We lived in Leicester – but John Hurt was only 20 miles away, in Nottingham! Train tickets and theatre tickets were booked in record time. To be honest, I think we would have walked there.

It was a bitter cold night when we got off the train. We slipped along quite happily to the theatre and got there early. There was a warm pub not far from the Playhouse, and we went in for a drink before the performance.

We both sat facing the door and sipped away, happily talking about what it would be like to see him in the flesh on stage. We didn’t have to wait long. The pub door opened and John Hurt walked in.

We sat in silence, too stunned for words, clutching our glasses of warm shandy. ‘What shall we do?’ Kathryn said. I shook my head. All I knew was that we would regret it for ever if we let him slip out into the night without speaking to him.

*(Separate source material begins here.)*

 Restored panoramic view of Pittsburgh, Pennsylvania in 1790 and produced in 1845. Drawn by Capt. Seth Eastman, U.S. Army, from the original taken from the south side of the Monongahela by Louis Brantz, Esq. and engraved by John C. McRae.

He headed for a table where his fellow actors were sitting. We stood up and edged towards him. We lurked about near the jukebox and pretended to be unaware of him. But we were watching his every move and waiting to pounce.

John got up and headed to the bar to get a round of drinks. We moved in like heat-seeking missiles. At the bar, we flanked him. It was now or never.

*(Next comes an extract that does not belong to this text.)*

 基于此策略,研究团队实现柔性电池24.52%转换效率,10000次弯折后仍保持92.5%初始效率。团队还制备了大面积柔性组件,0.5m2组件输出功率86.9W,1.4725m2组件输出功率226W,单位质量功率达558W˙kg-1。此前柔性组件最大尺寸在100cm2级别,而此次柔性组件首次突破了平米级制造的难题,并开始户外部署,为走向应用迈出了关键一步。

‘Excuse me, Mr Hurt,’ I heard a voice say – and realised it was mine.

He turned, to be confronted by two beefy young women who couldn’t blink. He looked a bit alarmed. We asked him for his autograph, and he seemed relieved.

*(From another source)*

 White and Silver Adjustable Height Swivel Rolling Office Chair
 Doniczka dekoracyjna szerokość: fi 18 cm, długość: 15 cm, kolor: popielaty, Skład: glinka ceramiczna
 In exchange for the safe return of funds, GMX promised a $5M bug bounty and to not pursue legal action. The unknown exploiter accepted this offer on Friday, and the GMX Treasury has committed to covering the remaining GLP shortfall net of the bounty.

Then Kathryn simpered, ‘We loved you in I, Claudius.’

We had him backed into a corner. John Hurt was a small, slim man. Wearing four-inch heels, we loomed over him.

‘Oh, thank you so much,’ he said. To our delight, he started to tell us about all the make-up he’d had to wear as crazy Caligula and what fun he had had with the production team.

He told us he was working on ‘something at Shepperton Studios’. We later found out this something was Alien. We listened rapt and laughed in all the wrong places.

He was finally rescued by his fellow actors who were beginning to wonder where he was. He said goodbye and hoped we would enjoy the play. We shrieked thank you wildly and sat down again, flushed with success.

We can’t remember the play. We hummed with excitement. The train was late. We’d missed the last bus from the station. We walked home through the snow, not even feeling the cold. That John Hurt glow remained with us for a long time.

The day he died, I thought of that night and how much he meant to me. I watch his work again and again. Miss you, John.